Диссиденты называли советскую власть "Софьей Власьевной" и говорили про неё "обидчивая дама". СВ не прощала дерзости или неповиновения. Все, кто "засветился" на премьере параджановского фильма (включая самого Параджанова) получили лагерные сроки. В 1972 году Василий Стус был приговорен к пяти годам лагерей в Мордовии плюс два года магаданской ссылки. В 1979-м он ненадолго вышел на свободу и в 1980-м получил новый срок уже гулаговского масштаба – 10 лет лагерей и 5 лет ссылки. Говорят, что столь жесткому приговору способствовал назначенный судом адвокат – Виктор Медведчук. Будущий кум Путина от имени подзащитного признал его вину, хотя Василий Стус не только не считал себя виновным, но и пытался отказаться от "услуг" защитника.

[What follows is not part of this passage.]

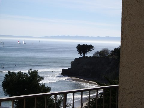This ALWAYS lifts my spirits and reminds me how lucky I am to get to live here and walk out my front door and see this and if I have to run, look at where I get to do it… so I go down the stairs and right at the bottom there is a family/group of about 8 men and boys all surfing and hanging out, they must have ranged from about 2 to 75 it was really cute, and one surfing looked just like my little brother, which also made me happy… so far this is of to a great SB start.

Свой второй и последний срок Стус отбывал практически без права переписки – лагерная администрация тщательно следила за тем, чтобы поэт не отправлял свои произведения на волю. Последняя его книга "Птах души", написанная на пермской зоне, была отобрана у автора во время обыска и, по всей видимости, уничтожена.
Начальство пыталось сломить волю поэта, отправляя его в карцер за любую (часто выдуманную) провинность. В августе 1985-го Стуса заключили в ШИЗО за то, что он, читая книгу, якобы оперся локтем о нары. В знак протеста Стус объявил сухую голодовку и скончался через неделю, по официальной версии – из-за остановки сердца. Однако некоторые его друзья и знакомые считают, что на самом деле поэта насмерть забили надзиратели в одиночной камере. Незадолго до этого немецкий писатель Генрих Белль выдвинул Василия Стуса на Нобелевскую премию по литературе.
В 2005 году, к двадцатой годовщине гибели, Василию Стусу присвоено звание Героя Украины.
Он всегда писал по-украински, поэтому его стихи не так хорошо известны в России. Хотя их переводы на русский язык появились ещё при жизни автора, но тогда о публикациях "антисоветчика" в советских изданиях не могло быть и речи.
Поэт в политическом лагере
Одной из первых поэзию Стуса перевела Елена Санникова, правозащитник, которой довелось отбывать сибирскую ссылку уже в начале правления Горбачева.
– Когда вы впервые прочли стихи Василия Стуса? При каких обстоятельствах?
– О Василе Стусе я впервые узнала из "Хроники текущих событий" еще в школьные годы. Скорее всего, тогда же услышала его имя в передачах "Свободы". Поэт, отбывающий срок в политическом лагере, – одно это уже впечатляло. Потом я услышала две песни Петра Старчика на слова Василя Стуса, одну в переводе на русский – "Как хорошо, что смерти не боюсь", и вторую он пел на украинском "Сосна iз ночi випливла, як щогла", очень сильный и красивый текст. Знала эти песни наизусть.
– Что вас вдохновило заняться переводами Стуса? Сама поэзия или биография поэта?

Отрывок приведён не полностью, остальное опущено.